FS 450 K Brushcutter/Clearing Saw  

I have one and she works like a champ! It can cut down trees up to 4 inches and even 5 inches in diameter if you are careful. The brush saw blade allows you to cut the stumps off just about even with the ground.


----------



## Chipmaker

I also have a brush cutter, but its made by Jonsered..Have had it since earl;y 80's and it sure saves a lot of back work and bending over when dealing with numerous brush and saplings...Chainsaws and brush are a bad combination, especially if you have lots of small brush around. ....its easy to initiate pull in or kick back.


----------



## Ingersoll444

Ya Chip, I play that game before. I did all that with a hand saw. More work, but safer, and good exersize to boot.


----------



## Ernie

Looking good Paul....I wonder if you try to bush hog (brush cut) if you wont high center you cutter and beat the hell out of it or having to replace shear pins often..

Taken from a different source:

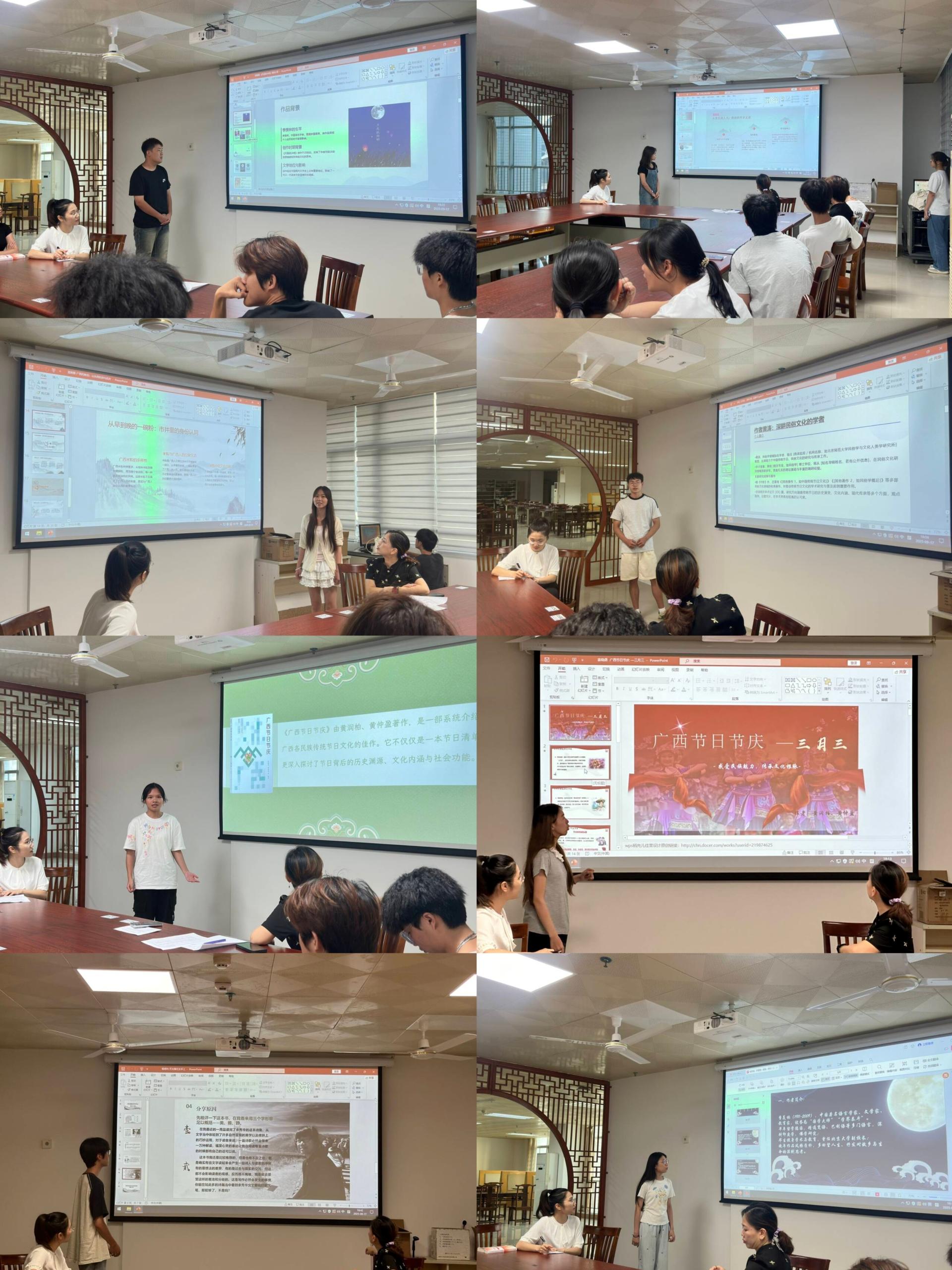 随后,活动进入了精彩的PPT分享环节。由创新创业学院与大学生读者协会共同组成的八个小组依次上台,围绕广西文化与中秋节的主题,结合推荐书目展开汇报。从壮族绣球的制作技艺到桂林山水的文化意象,从柳州螺蛳粉的饮食哲学到北海疍家渔歌的传承现状,从侗族大歌的音乐之美到中秋节的由来、传说……同学们年轻视角和创新表达,将文化观察与多媒体形式巧妙结合,既有扎实的调研支撑,也不乏生动有趣的互动设计,展现出对本土文化的深切关注与全新解读。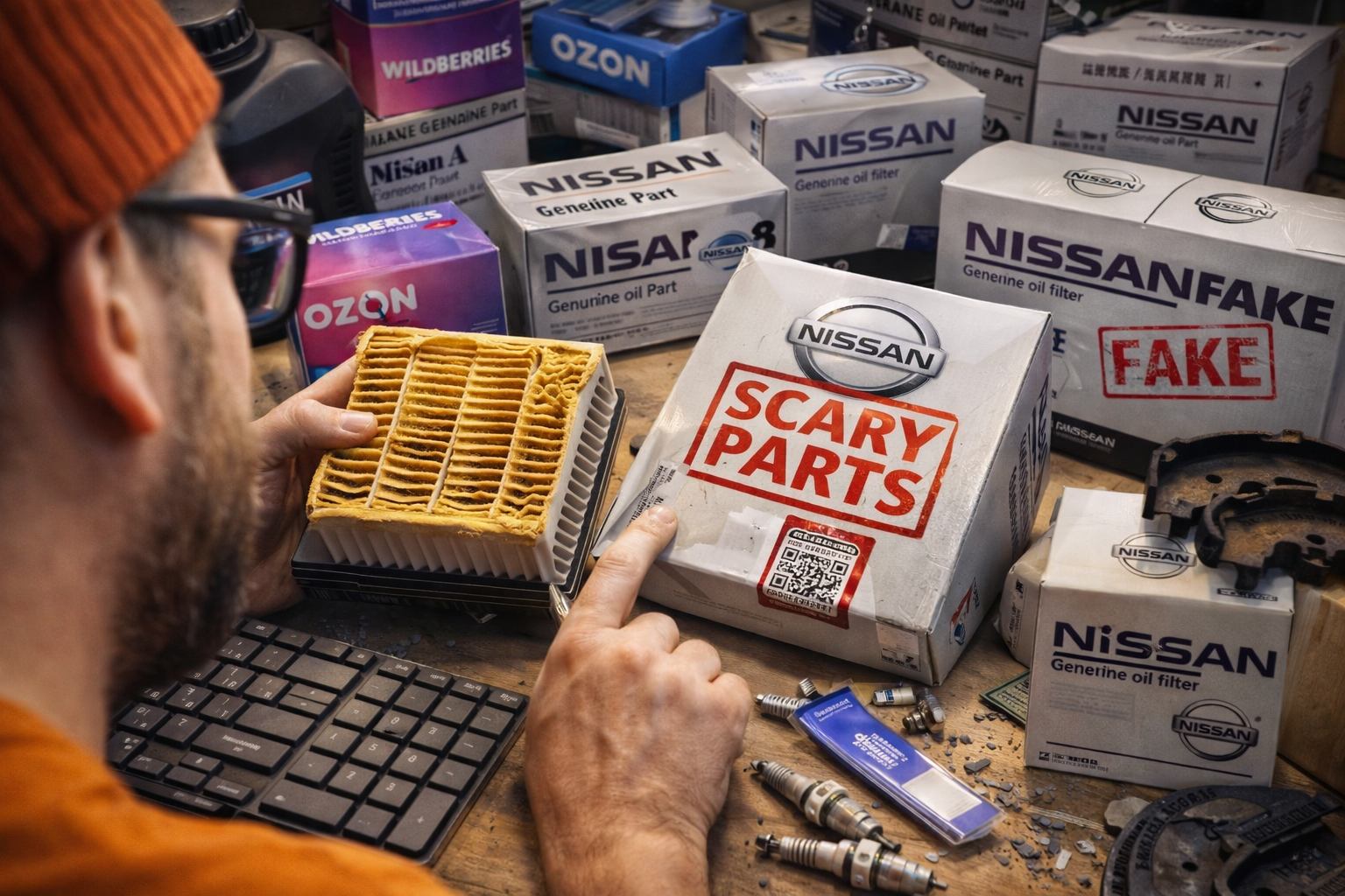 Возьмём для примера условный Nissan. Ничего экзотического: не спорткар, не раритет, обычная массовая иномарка. Казалось бы — деталей море, бери не хочу. На практике начинается квест. Один и тот же артикул может существовать в трёх вариантах: настоящий, «с завода, но не совсем», и такой, от которого даже коробка пахнет тревогой.

Other than the small stuff are removing it all? as in a mowing grass type yard???


----------



## Ingersoll444

Well for now I am hoping to just get some grass type weeds, or mostly just some thing growing, and I will just keep it trimmed with the brush hog. As time allows, some of it I will level out, and plant some real grass in. But for now, I just was a rough yard, so I can go through it in the summer.


----------



## slipshod

*Clam Bucket*

That is the best thing I have found for clearing land of trees up to four inches. I drive at the tree on an angle with the clam open , turn sharply into the tree with the gap around the tree,then bend the tree a bit, close the clam, push forward, then pull back. Ussually I can then just go up with the tree still in the jaw and pull it right out of the ground roots and all. No double handleing either I drive it to the pile and let go. Also works great for picking up the pile. 
For smaller trees, up to about an inch and a half I just drop the open clam around them and bite close to the ground and drive forward. The brush and small trees I take out get piled out of the way and I try to leave a hollow in the pile. It gives the bunnies good cover The larger hardwoods get cut into firewood, and anything over about eight inches go as saw logs.
My situatiion is a bit different then yours as I am reclaiming the plant for planting and pasture. Thus far I have cleared approximately a dozen acres over the last three years, working mostly in my spare time.
Clam Bucket: Best extra $1,000 I spent when I bought my Deere! I dont even carry a chain on my tractor and no climbing up and down or trying to figure out how to grab things.Also no chasing a pile around trying to get things in the bucket, just take a mouthful and move it!


----------



## Live Oak

That gets a BIG "Tim the Toolman Taylor" grunt Slip! Arrg, Arrrrrrg, Arrrrrrrrrrrrrrrrrg!!!!!!  :thumbsup: Nice shot!


----------



## ducati996

I would also suggest renting a stump grinder, and maybe something like Slipshods PTO 3 pt setup....or the hydrolic lever activated stand alone types....easily can do 8" or more below surface

If you are not going to build on top of those stumps, then grinding might be the quickest way...otherwise they must come out. You could possibly rent a backhoe as well

Ducati


----------



## Greg

Slip said...."That is the best thing I have found for clearing land of trees up to four inches."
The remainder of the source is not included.